Wegmans on a Sunday, midday, is a crazy place. Craaazy. I didn't know so many people even lived here, much less shopped all at once. I tell you this this because the kids and I found ourselves there last Sunday at 2pm. Although both kids wanted to hang off the sides of the cart like trash men, I said someone had to ride in the cart because the store was just too damn crowded. They decided they both wanted to, one sitting between the other's legs, stacked back to front like a train. I pointed out that if they were both in the cart the food wasn't going to fit. "Sure it will," said Clark. "We can sit on it."

They had a blast. Seeing as my cart was 95lbs heaver than it should be, I focused on not plowing over people's ankles, so I wasn't paying much attention to the letter of their play, but jeez they were having some fun. Laughing and laughing and rocking the cart, funny faces and funny scenarios and funny rhymes. Everyones' heads turned when we passed. In every aisle. Frances happens to have the best laugh on the planet, magic chimes in her belly (seriously - someone needs to record it for advertisements) and they drew mega attention.

One woman covered her mouth to try to keep from laughing at them. As we squeezed between her and the coffee grinder she said, "I'm sorry. It's probably not helpful. I can't help it." Another person asked, "are they always this happy?" "Absolutely," I said.

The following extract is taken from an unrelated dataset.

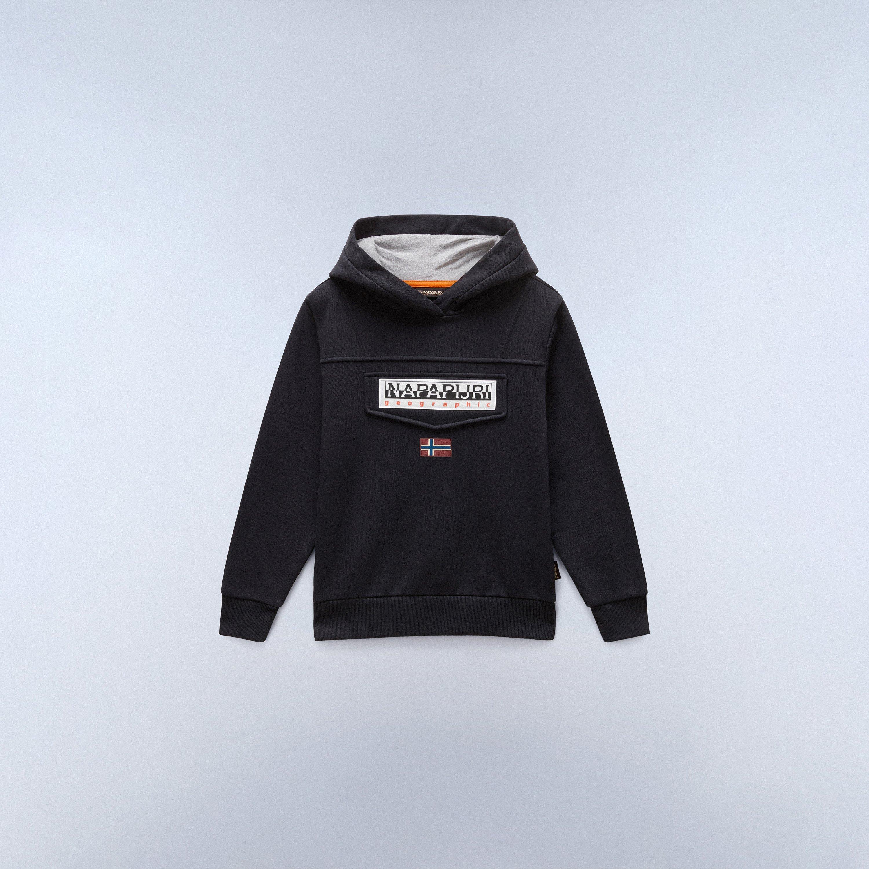 The Kids' Burgee Pullover Hoodie from Napapijri features a kangaroo pocket and adjustable hood. The flag emblem adds a notable outdoor detail.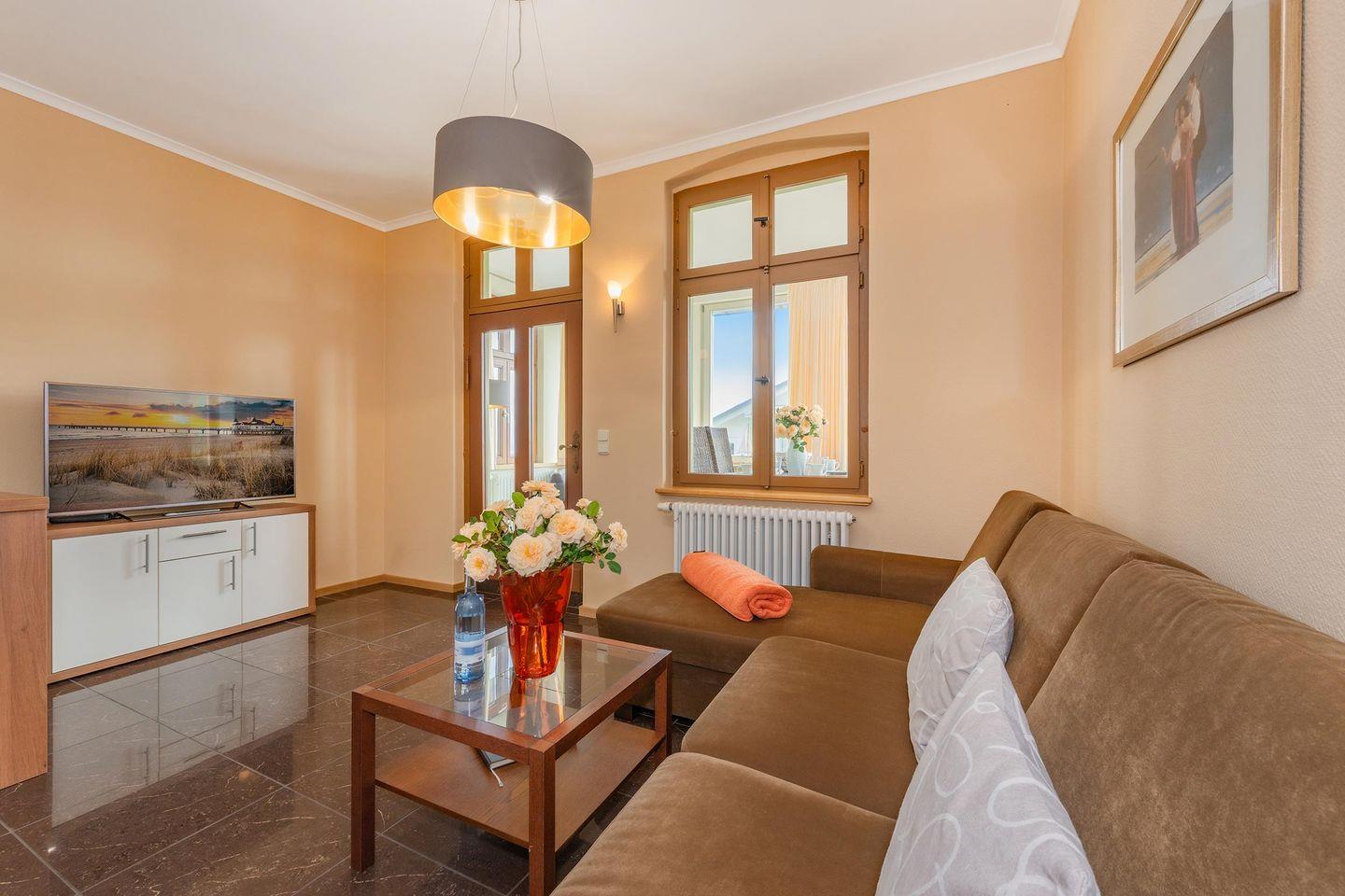 Erleben Sie unvergessliche Urlaubstage mit einem atemberaubenden Ostseeblick in der exklusiven Ferienwohnung "Villa Bella 06", gelegen im Herzen des traditionsreichen Seebads Ahlbeck auf Usedom. Diese 49 Quadratmeter große, im zweiten Obergeschoss der stilvollen Villa befindliche Ferienwohnung, ist der perfekte Ort für Paare, die einen romantischen Urlaub direkt an der Ostseeküste verbringen möchten. Das helle und einladende Wohnzimmer bildet das Herzstück der Wohnung. Hier verschmelzen moderner Komfort und stilvolles Design zu einer harmonischen Einheit. Die offene Küchenzeile mit hochwertigen Geräten wie Backofen, Ceranfeld und Spülmaschine ermöglicht es Ihnen, auch im Urlaub kulinarische Köstlichkeiten zuzubereiten. Ein besonderes Highlight ist die Loggia, die direkt vom Wohnzimmer zugänglich ist und einen unvergleichlichen Panoramablick auf die Ostsee bietet. Hier können Sie nicht nur Ihr Frühstück in maritimer Atmosphäre genießen, sondern auch entspannte Abende bei Sonnenuntergang verbringen. Das Wohnzimmer ist zudem mit einer bequemen Schlafcouch ausgestattet, die bei Bedarf eine zusätzliche Schlafgelegenheit für eine Person bietet, sowie einem modernen TV-Gerät.

At home afterwards, I marveled at how pleasant it all was. Me, two kids, Wegmans midday on a Sunday. How did we get here? It feels like a room we accidentally wandered into.

The next day my friend Emily came over with her two kids. Apparently she had spent some time wandering the extremely crowded aisles of Wegmans herself, and she described her experience in colorful detail. She did not have the miraculous and unanticipated success that I had (no one even hassled me for the free cookie! They were having too much fun to even remember!!).

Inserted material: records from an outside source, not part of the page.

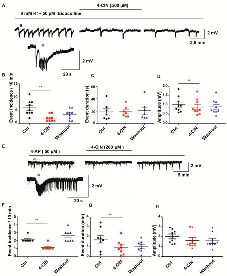 Effects of 4-CIN on spontaneous recurrent epileptiform activity induced by elevated potassium plus bicuculline in cortical slices from mesial temporal lobe epilepsy patients (mTLE) or by 4-AP in rat medial entorhinal cortex (MEC) slices. (A) Sample field potential trace representing recurrent SLEs during induction (left) 4-CIN application (middle) and wash out (right) in neocortical slices from mTLE patients, the (a) excerpt showing a single seizure like event on different time scale; (B) Application of 4-CIN significantly decreased incidence of SLEs (C) without affecting event duration (D) but also decreased FP amplitude; (E) Sample field potential trace during seizure induction (left) 4-CIN application (middle) and wash out (right) in MEC slices from rat, (a) the excerpt showing a single seizure like event on different time scale; (F) Application of 4-CIN decreased incidence and (G) duration of SLEs without affecting (H) amplitude. (B–D,F–H) Variables are given on the Y-axis, categories of treatment on the X-axis. ** p < 0.01. Each dot represents a single data point, black dots represent control condition (seizure induction), red dots represent 4-CIN application on top of seizure inducing drugs, and blue dots represent washout phase.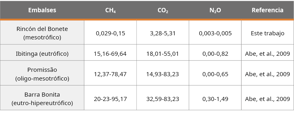 Abril, G., Guerin, F., Richard, S., Delmas, R., Galy-Lacaux, C., Gosse,P., Tremblay, A., Varfalvy, L., Dos Santos, M. y Matvienko, B., 2005. Carbon dioxide and methane emissions and the carbon budget of a 10-year old tropical reservoir (Petit Saut, French Guiana). En: Global Biogeochemical Cycles, 19, GB4007. DOI: https://doi.org/10.1029/2005GB002457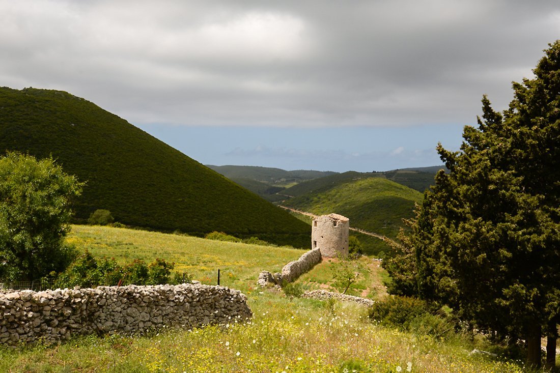 Het was een flinke rit naar het klooster van Spiliotissa en daarom maakten we onderweg enkele korte tussenstops. Bij Kampi om van het uitzicht op de kliffen te genieten en de Myceense begraafplaats te bekijken. In Exo Chora stapten we even uit bij de enorme olijfboom die prachtig in bloei stond. In Orthonies dronken we koffie met sinaasappelcake, een weldaad voor mijn zere keel. Ineens hief Spiros zijn vinger op: de paasprocessie kwam eraan! We stoven naar de kant van de weg en inderdaad: de priester met een groot kruis en daarachter een stoet dorpelingen kwam langs. Zo kregen we toch nog iets mee van het paasfeest. Naast het kafenion was ook een leuk klein museum met gebruiksvoorwerpen en traditioneel ingerichte kamers.Spiros bleek niets te veel te hebben gezegd over het klooster. Het lag op een schitterende locatie, in een dal waar de velden uitbundig in bloei stonden. Terwijl de rest van het gezelschap over het binnenterrein van het klooster dwaalde, maakte ik hoestend en proestend foto’s van een oude windmolen en olijfbomen tussen de bloemen, de lichtgroene heuvels op de achtergrond. Ik vond het zo’n mooie plek dat ik er nog uren had kunnen blijven. Het bezoek aan het klooster was hiermee een waardige afsluiting van drie enerverende dagen. Met lichte tegenzin stapten we in de auto voor de terugrit naar Vasilikos.

Emily's description of her 23-month-old's flinging himself to the floor in the checkout line and taking the two bottom rows of candy bars with him was hilarious, and it also made me realize something: I don't remember! I don't remember. I don't remember exactly how trying it is to grocery shop with a toddler. I remember the comedy, and the anxiety about what was to come as I pulled into the parking lot, but not the dark desperation, the embarrassment, the feeling of failure.

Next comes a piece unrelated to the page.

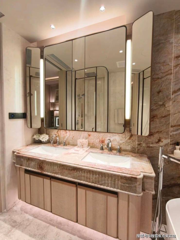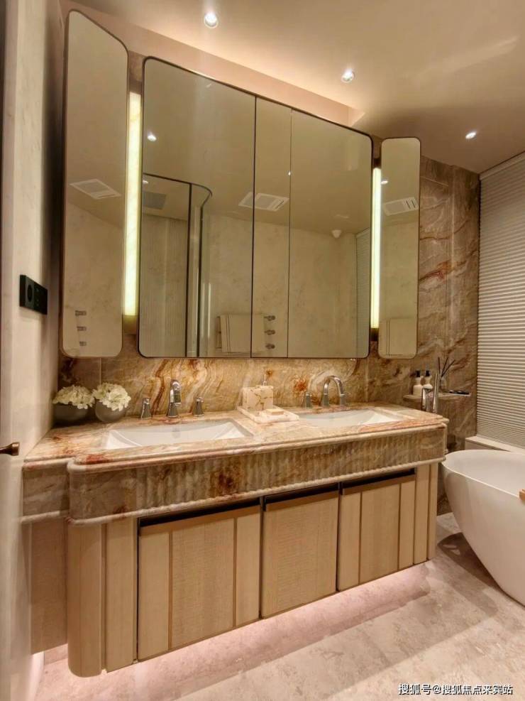 浴室柜以天然染色卡斯拉压纹木饰面为肌理基底,温润木纹自带沉静质感,于细腻触感中勾勒出空间的自然底蕴。搭配大花纹大理石台面,天然石纹肆意舒展,大气磅礴又不失雅致,将石材的原生之美尽数呈现。

Clark is only five and a half. I know moms forget, that somehow the human brain filters out the horrific numbing exhaustion and defeat (and the labor contractions), and keeps safe the memory of pure love and adorableness. But that quickly? It was only 3 years ago that I wrote this blog post. It hasn't been long. Although he's bigger, he still has to watch counter corners for fear of whacking his head. He's little. He still wants to be carried and sleeps with his blankie and cries if the legos won't snap together easily.

It's bizarre that our mama minds do that with so much sweep and reach. This ability is, of course, what keeps the human race from becoming extinct, but it is also why women put such pressure on each other inadvertently: they only remember the joy joy joy and can only assume you are feeling it too. Which you are. Just not at this moment in the check out line yes they are adorable thank you for saying so i'm trying to enjoy every minute yes I know it goes by so quickly no pressure there. Which makes you feel like you must be doing it all wrong for it to be so painful that you want to burst into hot tears this minute.

But you're not. Doing it wrong. And I'm not either, cuz hey look at the cool battery robots we made yesterday with a box of batteries and a glue gun! Plus, yay us we made it through Wegmans without anybody shouting or crying or even whining! I think I'll pat myself on the back for that. Pat pat.